Raw data
═══

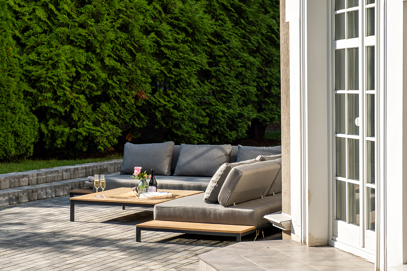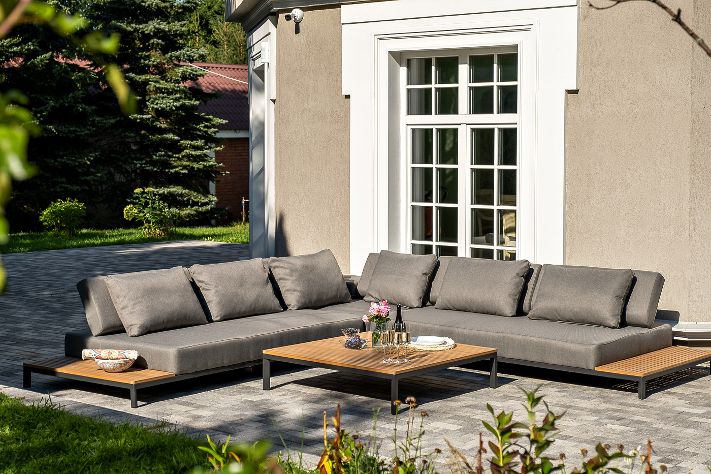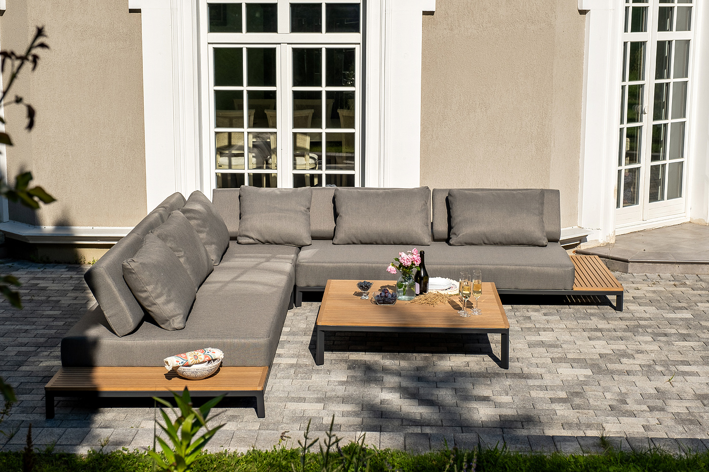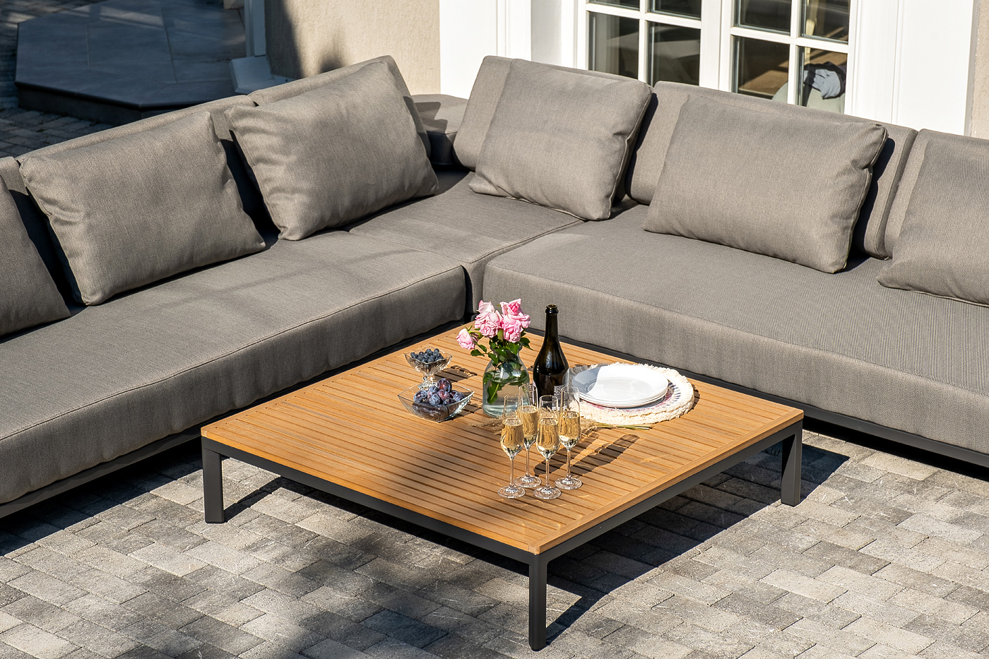 Данна "Амальфи" журнальный столик из тика, 110x110, H26, каркас из алюминия 1шт. 1 100Х1 100Х260, "Амальфи" модуль диванный левый, каркас из алюминия 1шт. 2 240Х1 100Х460, "Амальфи" модуль диванный правый, каркас из алюминия 1шт. 2 240Х1 100Х460, "Амальфи" модуль диванный угловой, каркас из алюминия 1шт. 1 100Х1 100Х460,
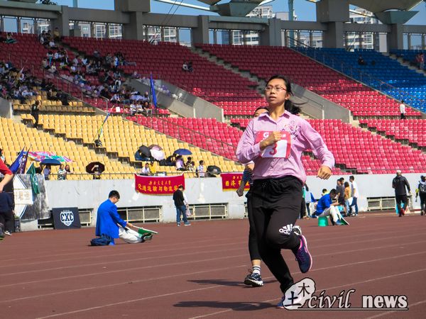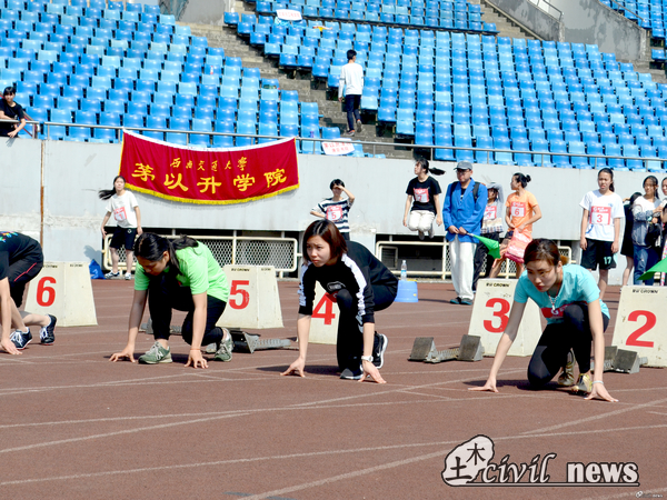 女子甲组第二小组的李文秀同学,是土木学院第一位上场比赛的选手,站在起点处的她做着热身运动,面色沉稳。发令枪一响,她便快速启动,冲向了终点线,最终取得了小组第六的不错成绩。随后上场的胡继丹、杜诗灵及米少瑄同学也均在小组内取得了好成绩。第六组的陈萱颖同学最后一个上场,并一举夺得小组第一的优异成绩。
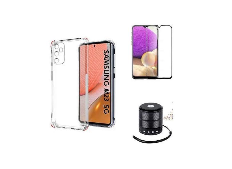 Kit Mini Som Bluetooth Samsung M23 5G + Capa Anti Impacto + Película V
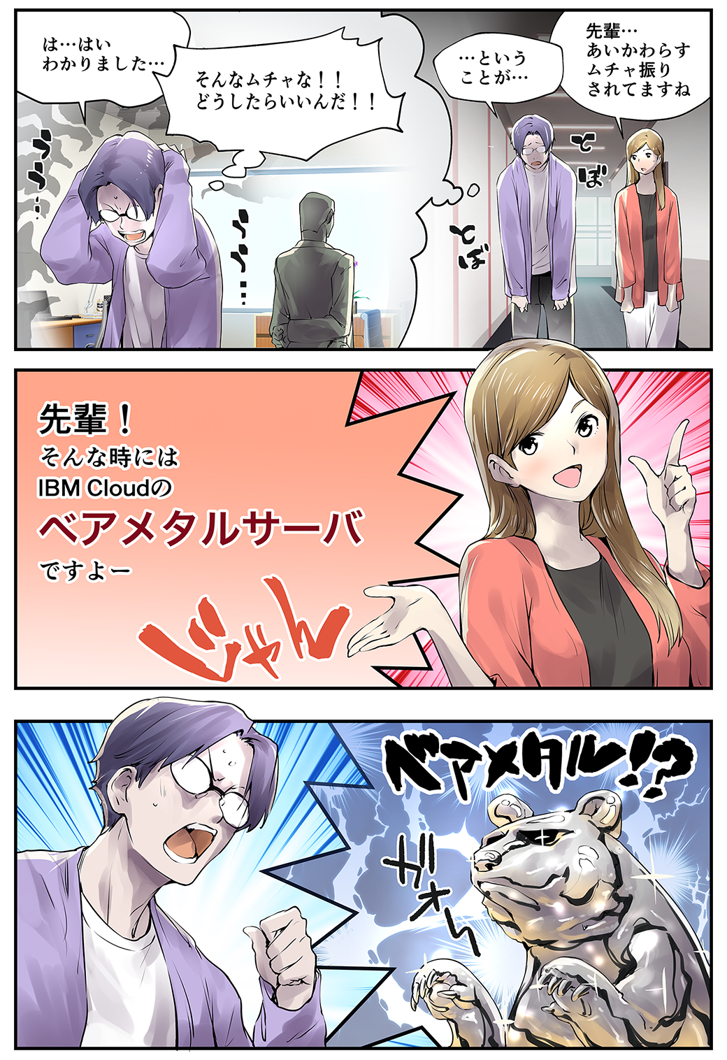 IBM Cloud ベアメタル・サーバは、物理サーバをクラウド環境に設置することができ、オンプレミス環境と同等の環境を構築することができます。オンプレミス環境から一般的なクラウドに移行する際には、アプリケーションの改修コストが発生する場合があります。しかし、IBM Cloudベアメタル・サーバを利用すると、オンプレミス上に構築したアプリケーションをそのままクラウド環境で利用することができますので、クラウド環境への移行が簡単に行えます。

═══

What to work on
The line containing "Kit Mini Som" marks the end; please output exactly the lines of the listing above from its first line through that line, without pictures.

Result for this exercise
 Данна "Амальфи" журнальный столик из тика, 110x110, H26, каркас из алюминия 1шт. 1 100Х1 100Х260, "Амальфи" модуль диванный левый, каркас из алюминия 1шт. 2 240Х1 100Х460, "Амальфи" модуль диванный правый, каркас из алюминия 1шт. 2 240Х1 100Х460, "Амальфи" модуль диванный угловой, каркас из алюминия 1шт. 1 100Х1 100Х460,
 女子甲组第二小组的李文秀同学,是土木学院第一位上场比赛的选手,站在起点处的她做着热身运动,面色沉稳。发令枪一响,她便快速启动,冲向了终点线,最终取得了小组第六的不错成绩。随后上场的胡继丹、杜诗灵及米少瑄同学也均在小组内取得了好成绩。第六组的陈萱颖同学最后一个上场,并一举夺得小组第一的优异成绩。
 Kit Mini Som Bluetooth Samsung M23 5G + Capa Anti Impacto + Película V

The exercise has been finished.